BY MIDMORNING, Hema knew the whole story. Genet had been ill with TB. But Appleby had his hands on the prison health records and they showed what we had not known before: Genet was also a silent carrier of hepatitis B. She contracted it (or so the prison doctor postulated) from an improperly sterilized needle or a transfusion or a tattoo when she was in the field in Eritrea; she could also have acquired it sexually. Genet had bled readily when we slept together, and I had been generously exposed to her blood and thereby to the virus. The incubation period of hepatitis B fit Shiva's hypothesis: it was six weeks from her visit to my falling ill.
Hema paced the waiting room, cursing Genet and bemoaning my stupidity in letting Genet get close to me again after everything she had put us through. Had Genet appeared just then, I would have feared for her life.
WHEN DEEPAK AND VINU made rounds together that afternoon they shared the latest lab results: my kidneys were failing; my liver, normally the source of clotting factors, wasn't producing any. If there were any viable liver cells left, they were showing no signs of recovering. There was not a bit of good news they could convey. They withdrew, Shiva following them. Thomas Stone and Hema stayed, silent around my immobile form. Now it was a watching game, a vigil to the end. There was no hope. The two of them as physicians knew it all too well, but if anything, experience made it even less palatable.

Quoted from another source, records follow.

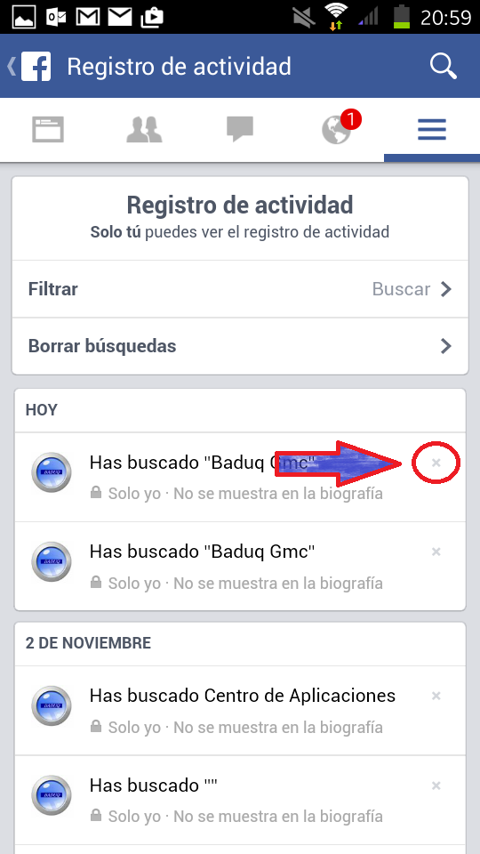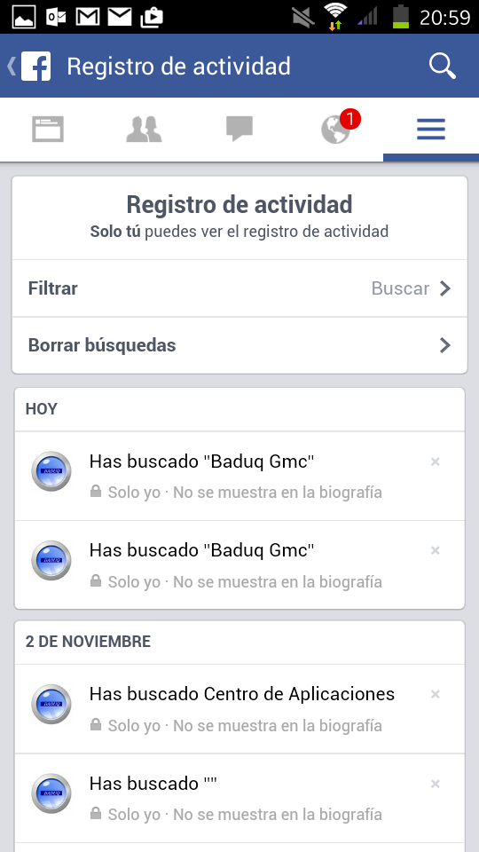 Una vez pulsemos sobre EDITAR, nos mostrará el “Registro de Actividad”, y en el cual podemos observar además de las actividades las “búsquedas” que hemos realizado de cualquier persona, pagina, etc…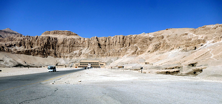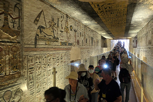 C’est une véritable autoroute qui s’enfonce dans la montagne de Thèbes pour joindre la Vallée des rois. Nous longeons la vallée des nobles et des prêtres à flanc de colline. Le tourisme a désormais remplacé le pharaon dans la royauté et tout est fait pour contenter l’Occidental. Des minibus électriques de fabrication égyptienne, à la grande fierté de Mo (bien que les batteries soient probablement chinoises), conduisent du parking des bus à l’entrée du site. Occasion, bien évidemment, de faire payer un petit supplément à ceux qui ne veulent pas marcher sous le cagnard. Il y a la queue et tous les sacs sont passés aux rayons X, comme d’habitude. Il fait une chaleur à crever et il n’est pas encore 10 heures du matin.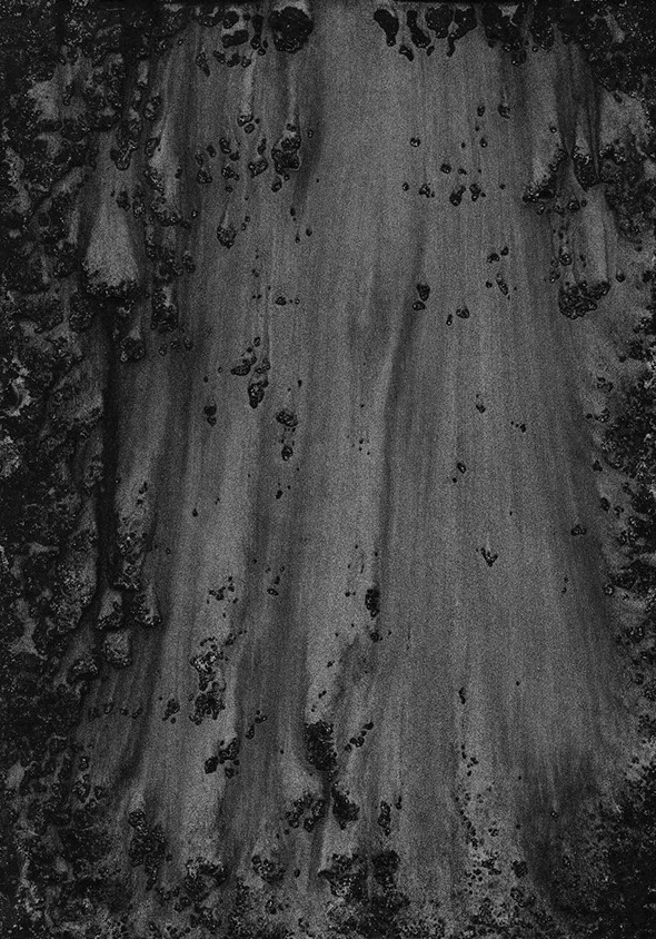 Les eaux obscures évoquent tour à tour la face nord d'une montagne et le sol marin des profondeurs.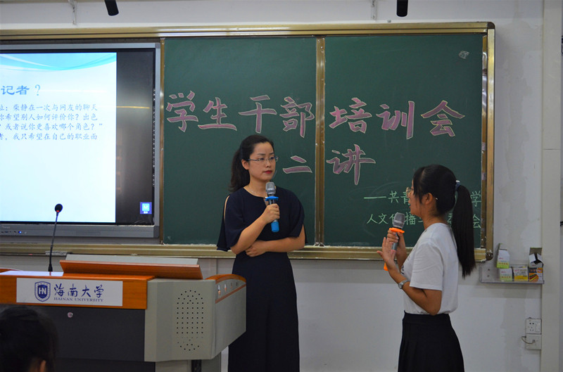 讲述过程中,同学们积极参与“寻找新闻图片”“模拟采访”等互动环节,切身体验记者采访工作,在互动中更加深入了解了新闻工作。在二十分钟的提问环节中,同学们就专业学习、就业面试以及新闻工作现状等问题积极提问,臧会彬耐心回答了同学们的问题,并给出了宝贵意见。她告诫同学们应该将人文情怀与职业操守放在首位,并且珍惜大学时光、确立人生方向、做到“术业有专攻”,把握海南省“人才引进”机遇,并肩担负起时代的担当、社会的责任,真诚的劝导给予了同学们莫大的鼓励。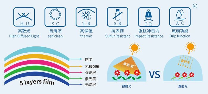 高原地区强烈的光照条件对农作物生长构成双重影响:充足的光照有利于作物生长,但过强的直射光却可能造成灼伤。雷马农膜创新独有的漫散射?技术,通过持续探索光技术,将直射光转化为柔和均匀的散射光。这项技术在保证农膜90%以上透光率的同时,有效避免了强光直射导致的日灼问题,为作物营造出更加适宜的光照环境。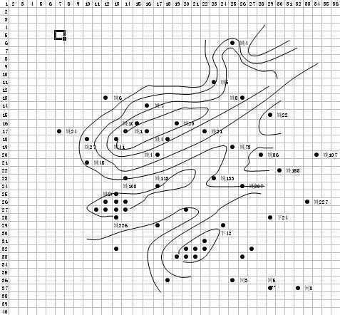 选择“浏览地图”工作表,全选工作表,设置行高为10.5,列宽为1.5,使该工作表成为标准坐标的栅格模板。然后按照井位部署图,使用“绘图”工具中的线条功能绘制地图示意图(图1),并在相应位置的单元格中填上“●”,作为油井的标志,该单元格位置的行数和列数的信息需要输入保存到“数据采集”工作表中的“井位”指标栏中,如井号为“姚4”的油井,其行、列号分别为6和25,则应在“数据采集”工作表中对应井号的“井位”指标栏中填入6和25。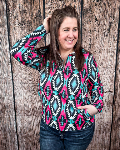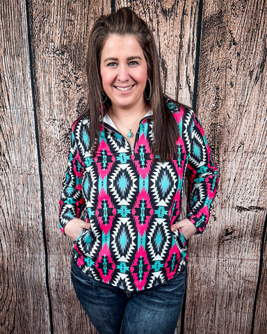 Stand out in bold comfort with the Montezuma Quarter Zip Pullover, a vibrant layering piece made for chilly mornings and laid-back days. Designed with a striking geometric pattern in turquoise, fuchsia, black, and white, this pullover brings a fresh pop of color to every outfit.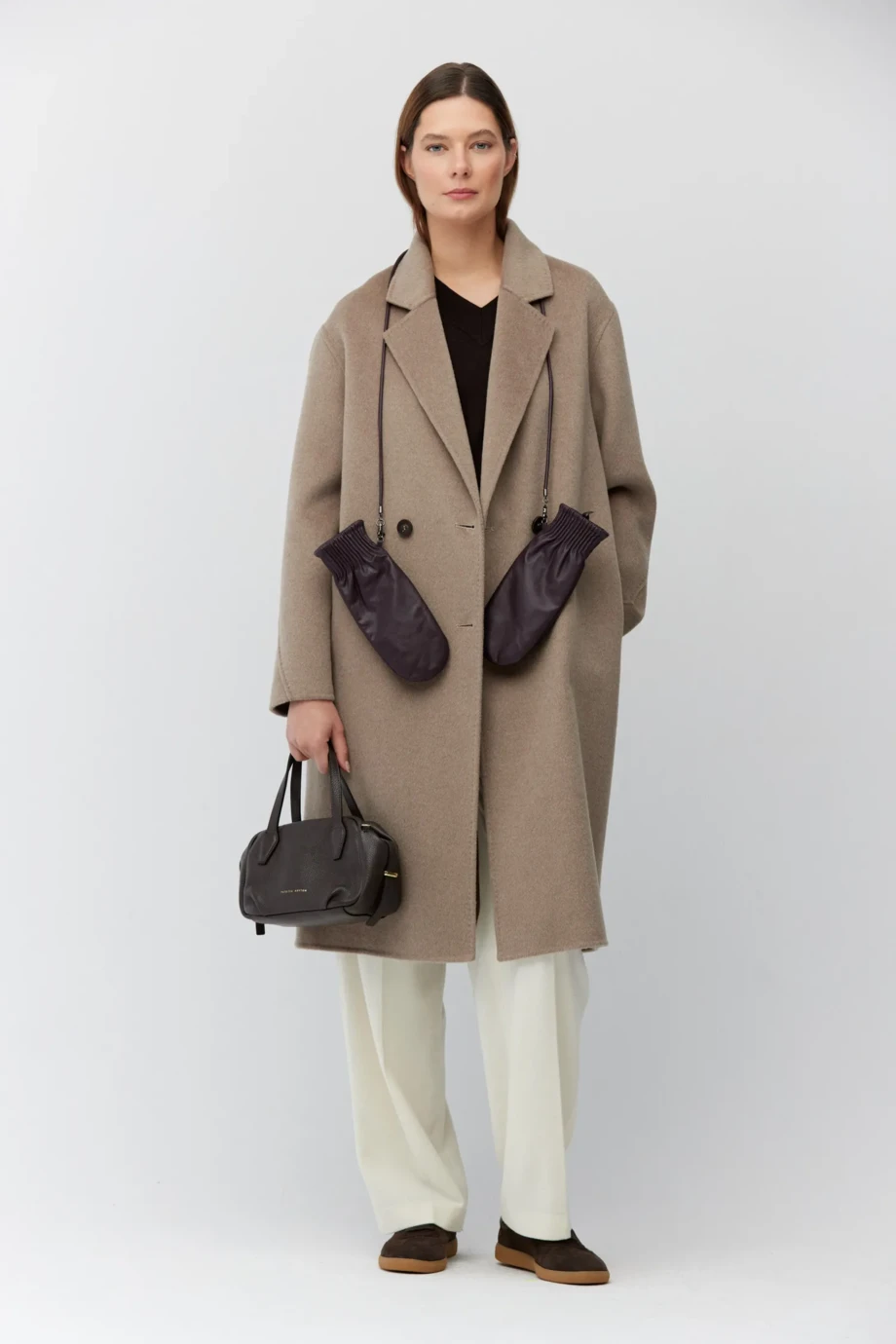 Płaszcz doubleface w kolorze jasnego brązu, z mieszanki wełny, jedwabiu i kaszmiru. Dwurzędowy, zapinany na guziki, z kołnierzem i kieszeniami. Prosta, luźna forma, niepodszewkowana.

AT NOON, an ICU nurse paged both Deepak and Vinu to a Stone family conference. They came to find Hema and Shiva seated across from Thomas Stone in the small meeting room.
Hema, weary, head in her hands and elbows on the table, gazed up at the two young doctors in white coats, her son's peers. “You wanted to see us?” she said impatiently to Vinu and Deepak.
Deepak looked puzzled. “I didn't call this meeting.” He turned to Vinu, who shook his head.
“I did,” Shiva said. He had a stack of photocopied papers in front of him. A yellow legal pad was covered with notations in his careful script. Hema noticed an authority to his voice, a sense of action and energy and initiative that no one else seemed capable of displaying in the face of my terrible prognosis. “I called the meeting because I want to talk about a liver transplant.”